La génération Z connaît-elle vraiment un renouveau religieux?
Mes collègues chrétiens de l'enseignement supérieur et moi assistons à une inversion de tendance émergeant parmi les adolescents de la génération Z et les jeunes adultes – et pas seulement à l'Université d'Asbury.
Au cours des dernières années, nous avons vu:
- Immêlé, plus de 50 000 étudiants chantent Agnus Dei Acapella lors du rassemblement Passion en 2024.
- Une foule de mouvements de renaissance chez les jeunes adultes en 2024, y compris les campus «enceintes pour le renouveau».
- «Ronteaux de renaissance» chez les jeunes.
- Ministères du campus éprouvant un pic d'intérêt spirituel.
- Encourager les données des adolescents de la génération Z naviguant «Babylone numérique» ainsi que les jeunes générations montrant un regain d'intérêt pour Jésus.
- Baptêmes étudiants – dirigés par les étudiants.
- Un accent international sur la génération Z et leur promesse pour le futur ministère.
- Une plus grande probabilité de fréquentation de l'église parmi la génération Z par rapport à la génération des boomer dans les poches de l'Europe, et au Royaume-Uni, les adolescents de la génération Z qui sont maintenant la génération la moins probable à s'appeler athée.
Décrivant certaines des expressions radicales de la foi observées dans notre propre communauté par les jeunes générations, ma femme a fait le commentaire provocateur: «Peut-être que la génération Z est disposée à mourir parce qu'elles sont déjà mortes.» La culture est la morts. Les scripts remis aux jeunes générations sont morts. Le nihilisme et le malaise d'un monde optimisé autour des surtensions de la dopamine – une «nation de dopamine» comme le dit le psychiatre et auteur à succès, le Dr Anna Lembke – a laissé les adolescents et les jeunes adultes de la génération Z désorientés et troublés, plus «à l'aise à Zion».
Conformément aux données de l'étude sur le paysage religieuse du Pew publiée en février, les jeunes générations démontrent des sensibilités axées sur la religion qui les attirent vers la foi chrétienne et défient le statu quo. Le déclin à longue documentation du christianisme s'est stabilisé.
J'ai vu cette première main avec les jeunes adultes de l'Université d'Asbury, où je suis président. En février 2023, un service de chapelle de routine sur le campus a conduit à un rassemblement de culte non-stop de 16 jours qui a amené plus de 50 000 personnes dans la ville à deux étapes de Wilmore, Kentucky. Tout ce que j'ai vu pendant cette période a couru à compter des scripts en vigueur de la vie moderne. L'espace était paisible, unifié, apolitique, radicalement humble, plein d'espoir et d'âge / classe / ethniquement diversifié. C'était sans nom et sans visage. « Pas de célébrités sauf Jésus », avons-nous dit. Je n'ai jamais vu une faim spirituelle aussi profonde et pénétrante dans ma vie – une douleur démonstrative pour une bonne relation avec Dieu et les autres.
Surtout, cependant, j'ai vu les «chaînes lesserrées» d'une jeune génération inégalement accablée par les pathologies de la vie moderne (isolationnisme, numérisation, discorde sociale, défis de santé mentale et institutions décroissantes). Des étudiants de près de 300 collèges et universités ont fait le voyage à Asbury pour une rencontre spirituelle transformatrice. Leurs témoignages étaient bruts; non édité. Ils ont embrassé des étrangers comme la famille. Ils ont occupé l'autel, parfois pendant des heures. Ils ont conduit sans crainte. Ils ont prié, avec zèle. Décrivant la génération Z, un ami a fait remarquer: «Ils sont prêts à suivre le Jésus dont la suite change le monde.»

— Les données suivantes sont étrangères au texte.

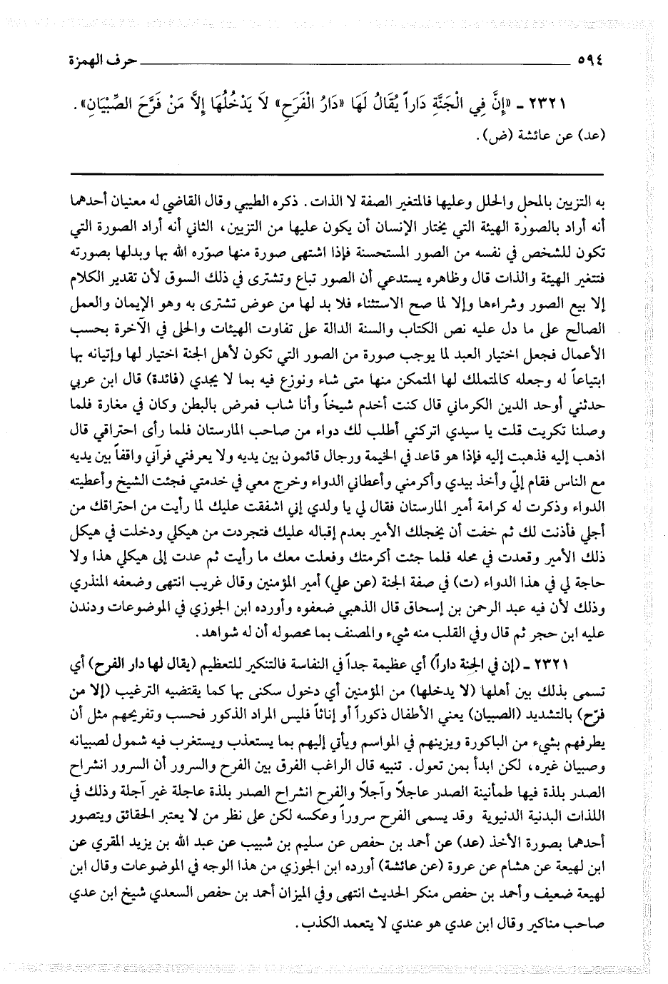 2321 - (إن في الجنة دارا) أي عظيمة جدا في النفاسة فالتنكير للتعظيم (يقال لها دار الفرح) أي تسمى بذلك بين أهلها (لا يدخلها) من المؤمنين أي دخول سكنى بها كما يقتضيه الترغيب (إلا من فرح) بالتشديد (الصبيان) يعني الأطفال ذكورا أو إناثا فليس المراد الذكور فحسب وتفريحهم مثل أن يطرفهم بشئ من الباكورة ويزينهم في المواسم ويأتي إليهم بما يستعذب ويستغرب فيه شمول لصبيانه وصبيان غيره لكن أبدأ بمن تعول.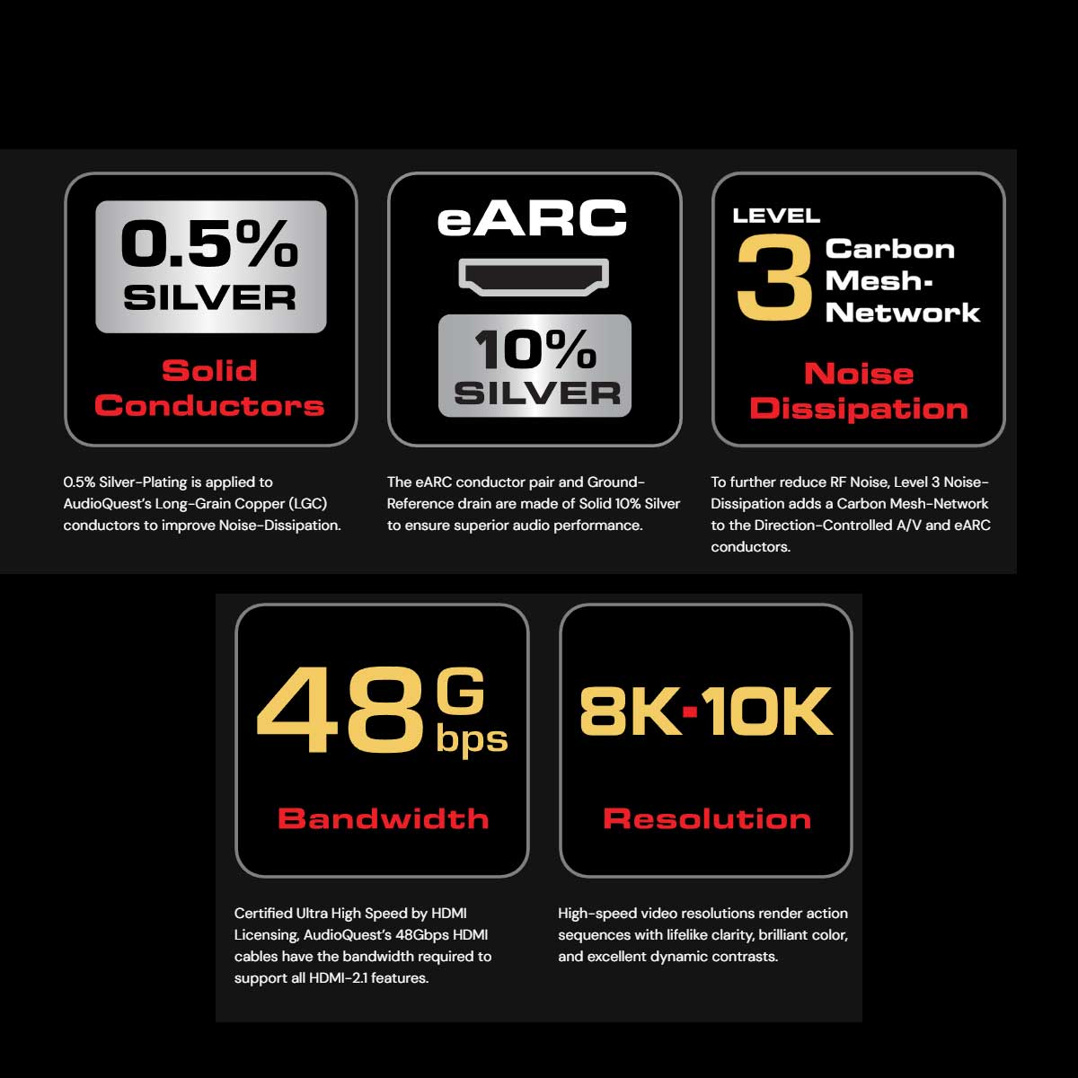 The AudioQuest Vodka eARC Priority HDMI Cable is a Ultra High Speed 48Gbps HDMI 2.1 Cable and features 10% Silver eARC conductors and 5% Silver Ground-Reference conductors with Level-3 Noise-Dissipation.

Gen Z Les jeunes adultes ne veulent pas tribuler et diviser. Ils veulent en inclure d'autres. Ils priorisent l'appartenance. Sensible à l'hypocrisie, ils ne veulent pas de religion «faire ce que je dis et non comme je le fais»; Ils sont moins intéressés par les propositions. Ils sont «gagnés» par la monnaie de la relation et de la confiance, pas des platitudes vides. Ils apprécient l'authenticité. La prochaine génération ne poursuit pas le succès du monde et le confort. Ils veulent s'engager dans une cause. Ils veulent un but. Et ils ne peuvent plus exister dans une existence aplatie et désenchantée qui est morts. Ils désirent le sens, le genre de plus en plus trouvé dans le christianisme traditionnel.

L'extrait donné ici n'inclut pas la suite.